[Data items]
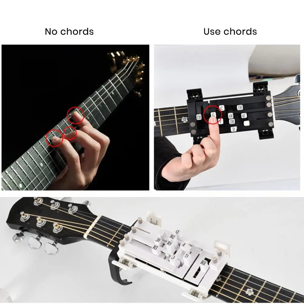 It simplifies chord transitions, trains your fingers to land on the right frets, and makes practice sessions feel like actual progress.
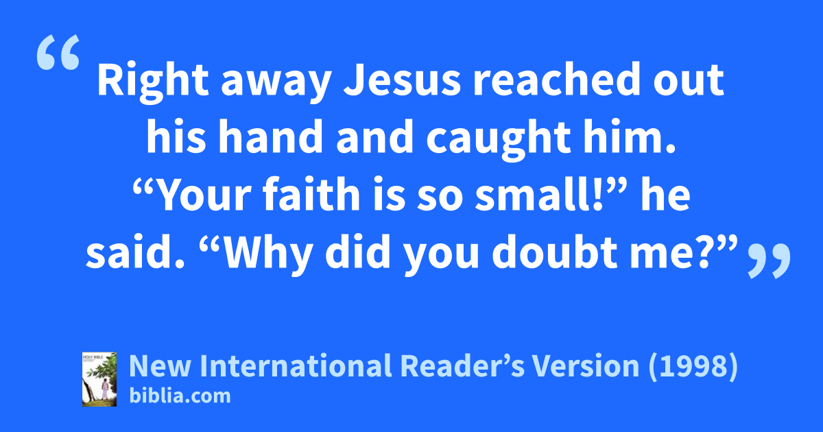31Right away Jesus reached out his hand and caught him. “Your faith is so small!” he said. “Why did you doubt me?”
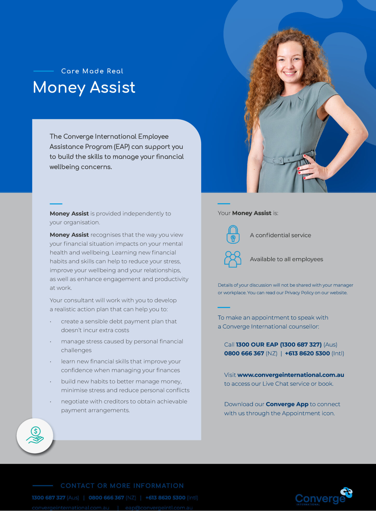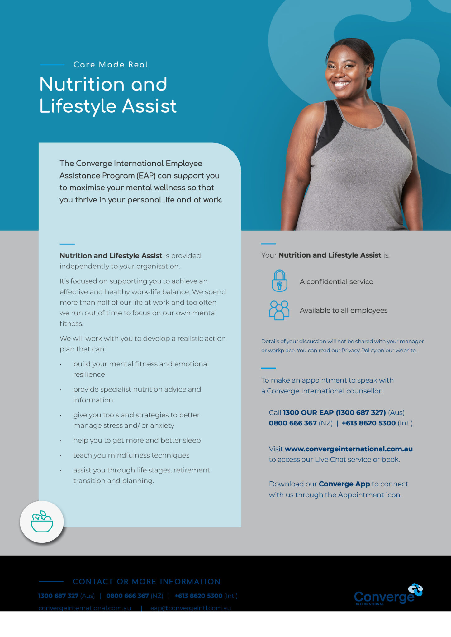 Converge International are Australia’s longest continuing EAP provider, and care for over two million Australians. They employ a multi-disciplinary team, with psychologists, social workers, specialist counsellors, mental health specialists, career coaches, certified mediators, nutrition coaches and financial coaches providing support. This means you will have access to a diverse range of professionals who can support your needs.
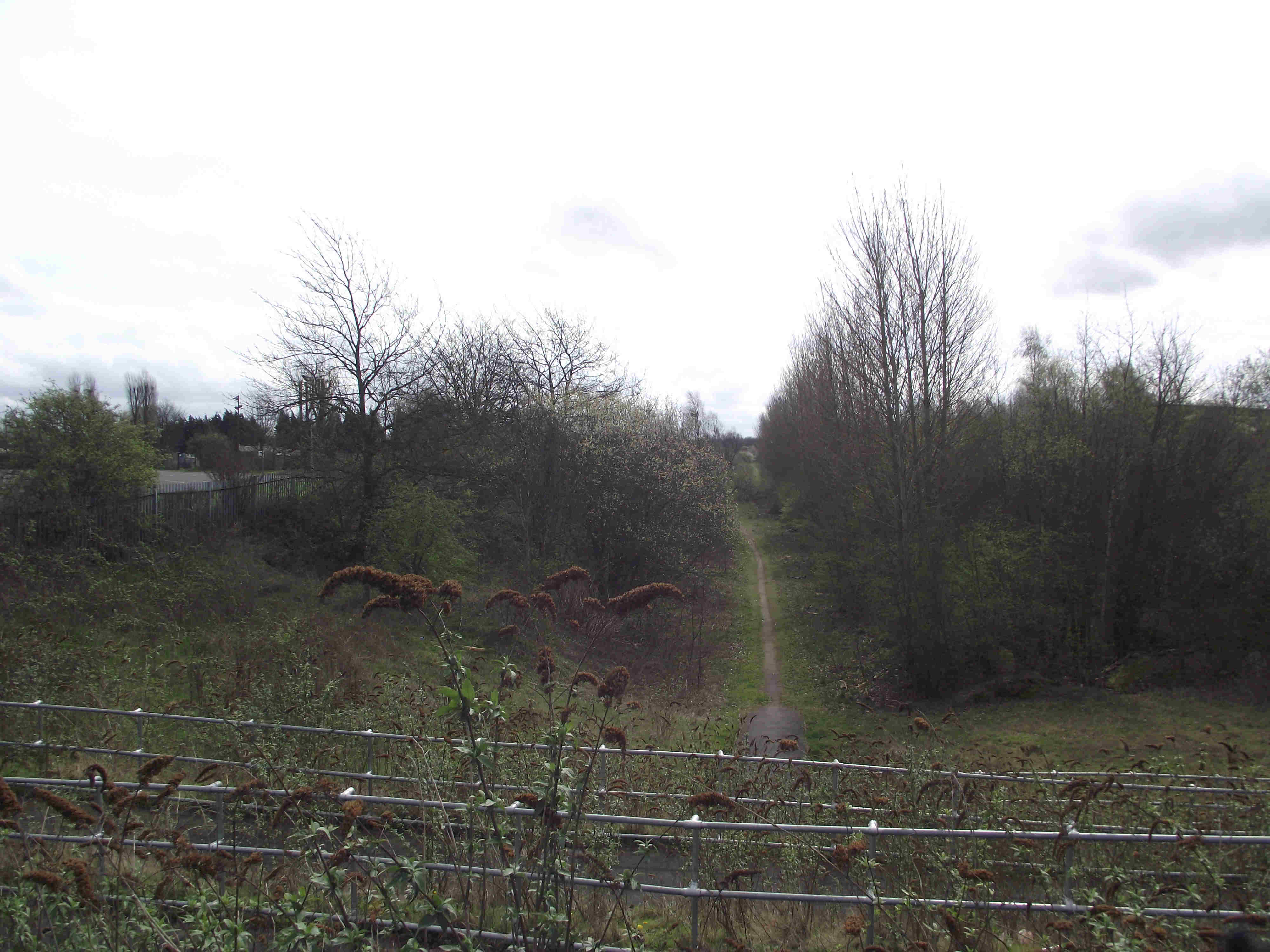 This is Hickman Avenue cross straight over into Sutherland Avenue passing Monmore Green Stadium on your left. Immediately past the stadium TL then left again down some steps. You are now on a disused railway line, follow this (dodging the rubbish!) to reach Chestom Road/Chem Road bridge. Leave the disused railway here and follow Chem Road to Millfields Road.
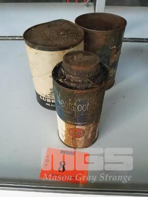 3 x ASSORTED TINS & CONTAINERS, NEATSFOOT OIL, 500ml, ARCHER LUBRICANT, ONE QUART CARDBOARD CONTAINER & NORTHLAND ONE US QUART TIN
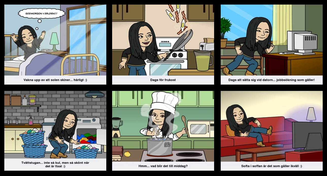 Har hittat en så rolig app via Facebook som heter ”bitstrips”, där man gör en avatar av sig själv och sedan är det bara att leta efter ett scenario som man vill använda, personifiera och sen delar man den bilden på Facebook. Här är ett kollage av scenarier som jag gjort… som visar en helt vanlig dag;)
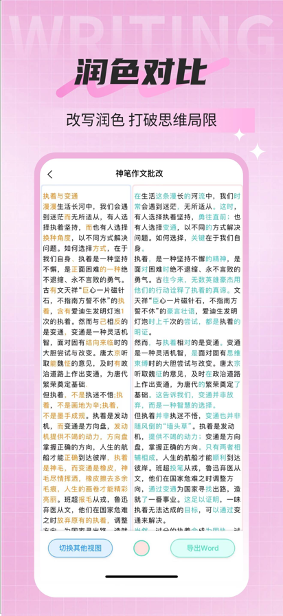 神笔作文是一款为中小学师生提供的专业高效作文批改工具,每月累计批改量超百万篇,用实力彰显专业度!支持作文拍照光速上传,AI 智能批改、精准点评、优质润色、针对性建议一站式配齐,轻松搞定语文作文、英文作文批改难题。批改结果详尽全面,指出作文的亮点与不足,给出可行的优化方向,搭配丰富的教师教学辅助工具与学生学习工具,全方位满足需求。 产品覆盖教师、学生、家长三端,涵盖小学中学高中,包括日常教学批改、自主练习提升和家庭辅导反馈。支持网页端、APP、小程序等多种使用形式。 神笔主要功能 (一)智能批改+专业润色:AI 赋能精准提分 全维度批改:支持拍照上传、自动裁剪、连拍等便捷操作,一键完成错字标点修改、病句梳理、结构立意诊断。 魔法级润色对比:实时生成「学生原文 VS AI 升格范文」对照,课堂展示极具冲击力。例如 “今天开心” 可优化为 “阳光吻过发梢,欢笑乘着风刺破云霄”,让学生直观感受文字升级的魅力。 班级批量高效批改:批量上传作文图片,快速匹配学生信息,AI 秒级完成批改。 班级作文数据化分析:自动生成雷达图,涵盖「定量分析」「定性分析」「归因分析」「教学对策生成」等专业报告,并提供练习题与全班好句整理导出功能,助力精准教学。 (二)多功能教学工具:减负增效好帮手 跨学科内容生成:提供主题或大纲,可快速生成高质量跨学科教学内容,丰富课堂素材。 个性化学生作文评分评语:输入学生优缺点、表现及期望评语,AI自动生成精准贴合、自然真挚的专属评语,告别重复撰写。 智能教案设计:助力教师完成教案搭建,优化教学流程,大幅提升教学效率。 听写默写智能批改:紧扣单元同步进度,涵盖生字表、词语表、识字表、课文填空等,支持个性化选择听写范围;上传学生作答结果后,AI自动勾画错字,生成正确率分析、易错字统计。 (三)作文写作助手:解锁创意写作 写作思路快速搭建:提供扩词联想作文素材、全文结构规划等功能,生成高质量作文,快速打开写作思路。 全文定制化创作:支持作文、日记等多种文体创作,生成原创不重复的高质量范文,为学生提供合规参考范本。 应用场景 学生提升:自主完成作文批改、润色建议、写作思路,培养写作自信。 老师教学辅助:光速批量批改作文、活用 AI 教学工具、生成可打印的数据报告、一键发布作业并实时跟踪学情,大幅减轻工作负担。 家长辅导:实时查看孩子作文能力,减轻辅导压力。

__WHAT YOU ARE ASKED TO DO__: Pictures stay out. Print the lines of the records above exactly, from the first through the one with "31Right away Jesus".

__SOLUTION FOR THIS PROBLEM__:
 It simplifies chord transitions, trains your fingers to land on the right frets, and makes practice sessions feel like actual progress.
31Right away Jesus reached out his hand and caught him. “Your faith is so small!” he said. “Why did you doubt me?”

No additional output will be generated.